Option 2 - head()/take()/first()
pets.head(n=1)
[Row(id=u'1', breed_id=u'1', nickname=u'King', birthday=u'2014-11-22 12:30:31', age=u'5', color=u'brown')]
What Happened?
When you call head(n) on a dataframe, it will trigger a take operation and return the first n rows of the result dataset. The different operations will return different number of rows.
Note
- If the data is unsorted, spark will perform the all the transformations on a selected amount of partitions until the number of rows are satified. This is much optimal based on how much and large your dataset is.

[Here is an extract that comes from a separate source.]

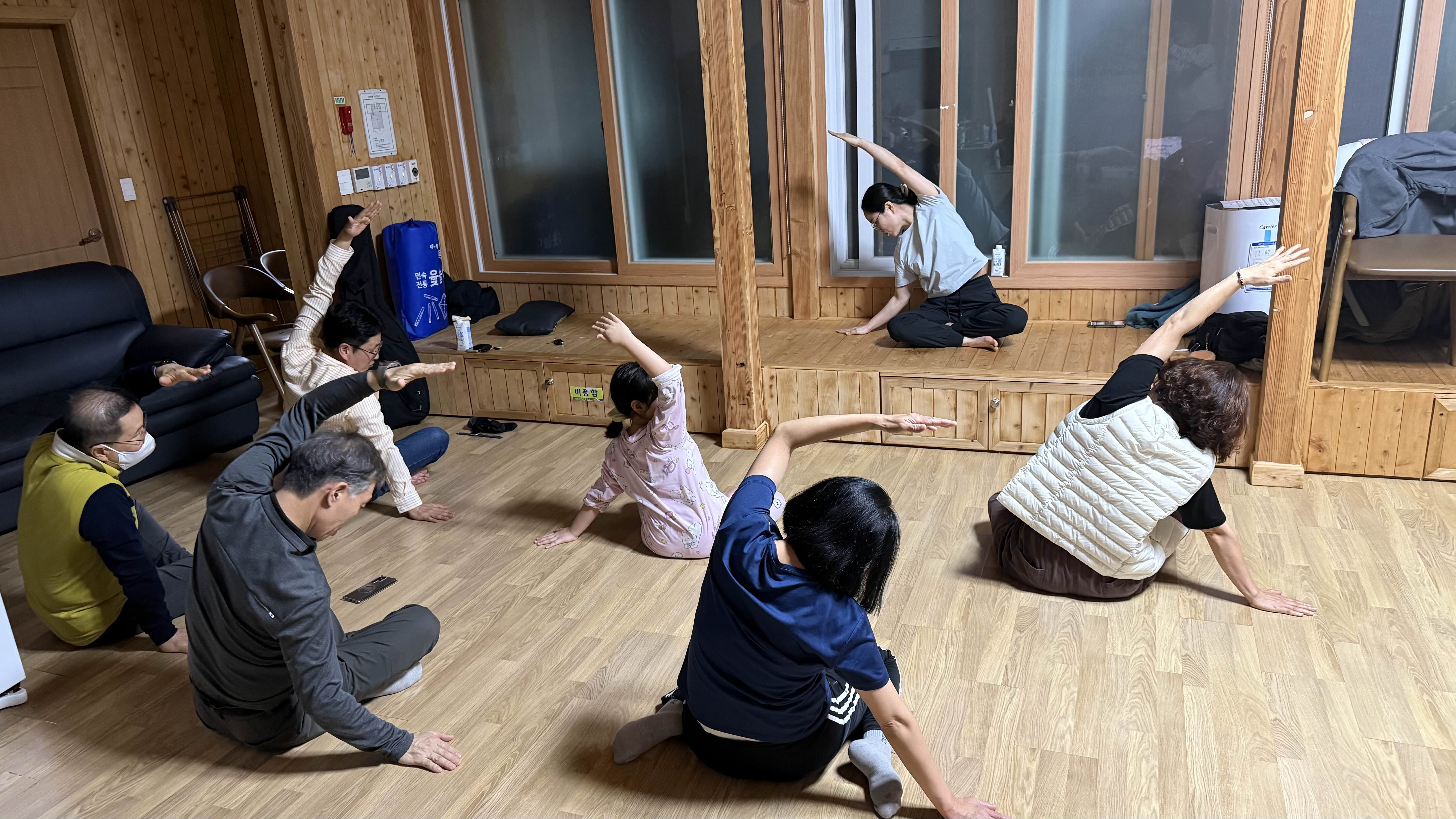 다함께 요가를 하는 것으로 첫날을 마무리 했습니다.

- If the data is sorted, spark will perform the same as a
collectand performallof thetransformationsonallof the data.
By sorted we mean, if any sort of "sorting of the data" is done during the transformations, such as sort(), orderBy(), etc.
Option 3 - toPandas()
pets.toPandas()
| id | breed_id | nickname | birthday | age | color | |
|---|---|---|---|---|---|---|
| 0 | 1 | 1 | King | 2014-11-22 12:30:31 | 5 | brown |
| 1 | 2 | 3 | Argus | 2016-11-22 10:05:10 | 10 | None |
| 2 | 3 | 1 | Chewie | 2016-11-22 10:05:10 | 15 | None |
What Happened?
When you call a toPandas() on a dataframe, it will trigger a take operation and return all of the rows.
This is as performant as the collect() function, but the most readible in my opinion.
Option 4 - show()
pets.show()
+---+--------+--------+-------------------+---+-----+
| id|breed_id|nickname| birthday|age|color|
+---+--------+--------+-------------------+---+-----+
| 1| 1| King|2014-11-22 12:30:31| 5|brown|
| 2| 3| Argus|2016-11-22 10:05:10| 10| null|
| 3| 1| Chewie|2016-11-22 10:05:10| 15| null|
+---+--------+--------+-------------------+---+-----+
What Happened?
When you call a show() on a dataframe, it will trigger a take operation return up to 20 rows.
This is as performant as the head() function and more readible. (I still perfer toPandas() 😀).
Summary
- We learnt about various functions that allow you to look at your data.
- Some functions are less performant than others based on if the resultant data is sorted or not.
- Try to refrain from looking at all the data, unless you are required to.